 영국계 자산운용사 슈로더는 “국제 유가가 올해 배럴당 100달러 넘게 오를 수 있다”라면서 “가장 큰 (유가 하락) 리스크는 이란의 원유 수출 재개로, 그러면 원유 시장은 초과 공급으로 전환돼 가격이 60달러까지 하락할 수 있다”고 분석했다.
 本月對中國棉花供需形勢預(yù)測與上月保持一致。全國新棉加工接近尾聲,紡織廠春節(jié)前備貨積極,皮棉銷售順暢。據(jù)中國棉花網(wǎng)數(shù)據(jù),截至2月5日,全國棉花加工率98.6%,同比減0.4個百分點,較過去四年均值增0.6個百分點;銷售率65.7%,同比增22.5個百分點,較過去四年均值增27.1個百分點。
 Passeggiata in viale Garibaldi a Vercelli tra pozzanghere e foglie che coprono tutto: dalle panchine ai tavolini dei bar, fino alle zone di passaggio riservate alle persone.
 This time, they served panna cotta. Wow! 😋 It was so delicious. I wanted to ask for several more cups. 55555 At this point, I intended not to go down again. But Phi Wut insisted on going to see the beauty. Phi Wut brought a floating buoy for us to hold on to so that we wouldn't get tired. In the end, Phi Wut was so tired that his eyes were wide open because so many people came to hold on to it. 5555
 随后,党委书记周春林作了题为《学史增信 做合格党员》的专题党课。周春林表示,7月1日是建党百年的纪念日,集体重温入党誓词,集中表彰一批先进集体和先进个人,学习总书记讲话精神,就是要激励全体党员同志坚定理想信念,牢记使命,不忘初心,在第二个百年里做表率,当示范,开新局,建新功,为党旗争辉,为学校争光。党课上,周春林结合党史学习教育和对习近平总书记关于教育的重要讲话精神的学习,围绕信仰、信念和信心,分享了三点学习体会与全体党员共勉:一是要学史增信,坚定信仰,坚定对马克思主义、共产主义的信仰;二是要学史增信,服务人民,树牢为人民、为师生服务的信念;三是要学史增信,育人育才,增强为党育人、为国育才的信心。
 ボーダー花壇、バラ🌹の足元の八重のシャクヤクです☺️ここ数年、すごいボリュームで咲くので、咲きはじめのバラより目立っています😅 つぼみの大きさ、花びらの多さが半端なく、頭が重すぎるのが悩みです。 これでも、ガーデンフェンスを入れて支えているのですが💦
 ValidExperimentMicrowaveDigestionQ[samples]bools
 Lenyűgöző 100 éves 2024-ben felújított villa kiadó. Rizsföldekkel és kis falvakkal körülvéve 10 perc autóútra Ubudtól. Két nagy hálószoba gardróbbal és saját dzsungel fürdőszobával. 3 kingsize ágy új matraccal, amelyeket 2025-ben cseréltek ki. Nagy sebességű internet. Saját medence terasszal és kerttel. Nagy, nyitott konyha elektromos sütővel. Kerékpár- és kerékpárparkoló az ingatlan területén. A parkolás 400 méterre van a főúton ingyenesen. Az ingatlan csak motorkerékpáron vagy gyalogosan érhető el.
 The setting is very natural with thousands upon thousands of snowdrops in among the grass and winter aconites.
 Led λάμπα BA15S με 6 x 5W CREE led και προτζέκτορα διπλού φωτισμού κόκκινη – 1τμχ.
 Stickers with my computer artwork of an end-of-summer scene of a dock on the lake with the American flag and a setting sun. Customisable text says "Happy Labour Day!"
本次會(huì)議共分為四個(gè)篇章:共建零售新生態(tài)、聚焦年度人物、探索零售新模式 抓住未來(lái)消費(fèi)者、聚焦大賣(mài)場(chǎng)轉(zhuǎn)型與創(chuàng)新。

==

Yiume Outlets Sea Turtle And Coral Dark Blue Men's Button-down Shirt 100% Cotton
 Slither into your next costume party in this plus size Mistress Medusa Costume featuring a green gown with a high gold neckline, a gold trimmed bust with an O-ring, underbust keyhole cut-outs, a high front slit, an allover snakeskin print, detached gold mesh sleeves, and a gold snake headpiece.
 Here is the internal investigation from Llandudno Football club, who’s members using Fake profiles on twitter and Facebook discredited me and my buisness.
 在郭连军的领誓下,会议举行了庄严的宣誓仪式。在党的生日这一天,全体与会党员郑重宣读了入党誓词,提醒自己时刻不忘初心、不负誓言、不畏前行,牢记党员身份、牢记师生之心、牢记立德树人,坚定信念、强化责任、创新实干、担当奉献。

TASK PROMPT. Only those lines of the entries above that run from the line containing "영국계 자산운용사 슈로더는" to the line containing "This time, they", both included, should be transcribed exactly.

EXERCISE RESPONSE.
 영국계 자산운용사 슈로더는 “국제 유가가 올해 배럴당 100달러 넘게 오를 수 있다”라면서 “가장 큰 (유가 하락) 리스크는 이란의 원유 수출 재개로, 그러면 원유 시장은 초과 공급으로 전환돼 가격이 60달러까지 하락할 수 있다”고 분석했다.
 本月對中國棉花供需形勢預(yù)測與上月保持一致。全國新棉加工接近尾聲,紡織廠春節(jié)前備貨積極,皮棉銷售順暢。據(jù)中國棉花網(wǎng)數(shù)據(jù),截至2月5日,全國棉花加工率98.6%,同比減0.4個百分點,較過去四年均值增0.6個百分點;銷售率65.7%,同比增22.5個百分點,較過去四年均值增27.1個百分點。
 Passeggiata in viale Garibaldi a Vercelli tra pozzanghere e foglie che coprono tutto: dalle panchine ai tavolini dei bar, fino alle zone di passaggio riservate alle persone.
 This time, they served panna cotta. Wow! 😋 It was so delicious. I wanted to ask for several more cups. 55555 At this point, I intended not to go down again. But Phi Wut insisted on going to see the beauty. Phi Wut brought a floating buoy for us to hold on to so that we wouldn't get tired. In the end, Phi Wut was so tired that his eyes were wide open because so many people came to hold on to it. 5555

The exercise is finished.